3.1. Investment Sector

The Company had 592 volume trading points. From Table 2, the exceedances above the threshold determined through the standard model, was 30 while the exceedances over the threshold determined through the improved model was 26. The standard two parameter model and standard three parameter model yielded the same number of exceedances above their respective thresholds. The proportion of the exceedances above the threshold was also the same. The improved two and three parameter models also yielded the same number of exceedances. The proportion of the exceedances above the threshold was also the same for the improved two and three parameter models. The scale parameter of the standard models was 392,000 and that of improved model was 404,000. In this case, the scale parameter of the improved model was higher than that of the standard model. The shape parameter in the standard model was 0.0679 while that of the improved model was 0.0612. In this case, the shape parameter of the improved model was lower than that of the standard model.
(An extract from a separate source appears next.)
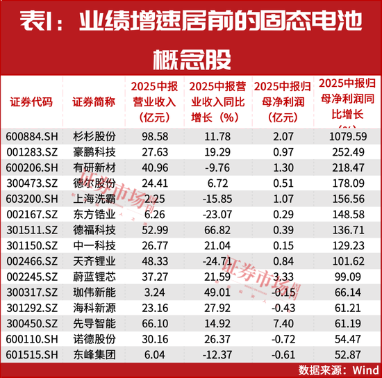 豪鹏科技、有研新材、德尔股份、上海洗霸、东方锆业、德福科技、中一科技、天都锂业8只固态电板成见股相通功绩翻倍增长(见表1)。

Figure 1. The densities for the market data from the NSE (Share volumes).

Table 2. MLE and MPLE Estimates-Centum.

Table 3. MLE and MPLE Estimates-East African Breweries (EABL).

Table 4. MLE and MPLE Estimates-East African Cables (EAC).

Table 5. MLE and MPLE Estimates-Kenya Re-Insurance.

Table 6. MLE and MPLE Estimates-Kenya Commercial Bank (KCB).

Table 7. MLE and MPLE Estimates-Kenol.

Table 8. MLE and MPLE Estimates-Kenya Airways (KQ).

Table 9. MLE and MPLE Estimates-NSE.

Table 10. MLE and MPLE Estimates-Safaricom.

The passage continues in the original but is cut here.